Model summary in PyTorch
torchinfo is a Python library that provides a detailed summary of PyTorch models, similar to the functionality found in TensorFlow's `model.summary()`. It displays information such as layer types, input/output shapes, kernel sizes, number of parameters, and computational operations (Mult-Adds). The library is a modern, re-written successor to older projects like `torchsummary` and `torchsummaryX`. The current version is 1.8.0, released in May 2023. While the last release is from May 2023, the project is considered actively developed and maintained within the PyTorch ecosystem.
Warnings
- breaking Python 3.6 support was deprecated starting from version 1.6.0. Users on Python 3.6 should install `torchinfo` v1.5.4 or an earlier version.

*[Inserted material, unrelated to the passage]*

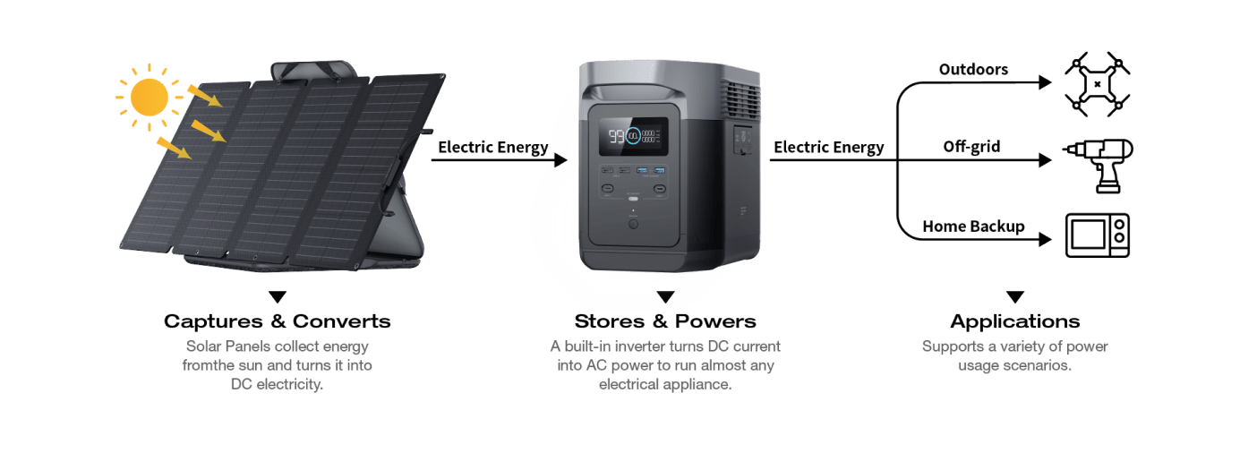 After collecting and storing DC (direct current) energy, the solar generator converts DC into AC (alternating current) electricity that can power appliances both indoors and out.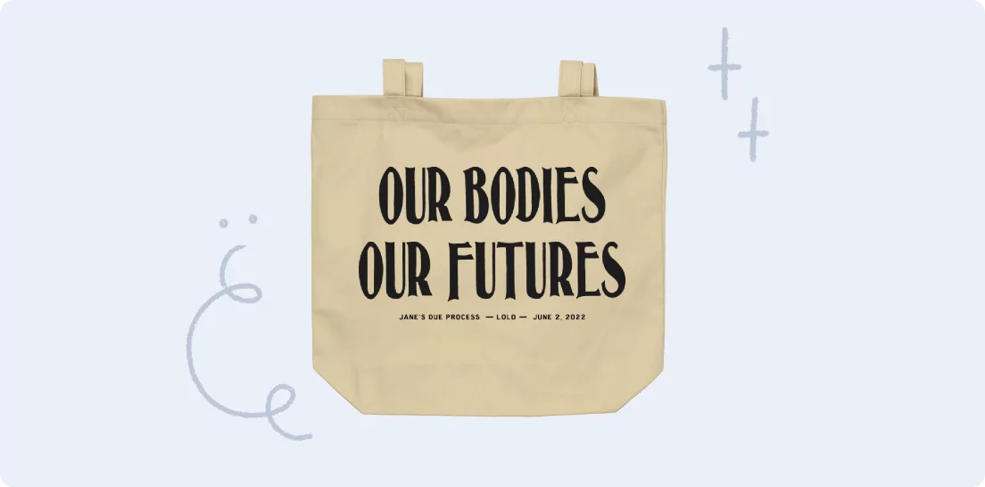 The Our Bodies Our Futures campaign was created by Jane’s Due Process, an organization that helps young people in Texas navigate parental consent laws and confidentially access abortion and birth control. Buying this tote helps work towards a future where young people in Texas have full reproductive freedom and autonomy over their healthcare decisions!

- gotcha When using `input_size` without explicitly specifying `dtypes`, `torchinfo` defaults to `torch.float`. This can lead to `RuntimeError` for models expecting integer tensor inputs (e.g., embedding layers in NLP models like HuggingFace Transformers).
- gotcha `torchinfo` attempts to infer the device for model and input data, but mismatches between the model's device and the `input_data`'s device can cause `RuntimeError` (e.g., 'Expected all tensors to be on the same device').
- gotcha In Jupyter Notebooks or Google Colab, the output of `summary(model, ...)` may not display correctly unless explicitly wrapped in a `print()` statement.
- gotcha Enabling `cache_forward_pass=True` for performance can lead to incorrect or outdated summaries if the model architecture or input data/sizes are modified without invalidating the cache.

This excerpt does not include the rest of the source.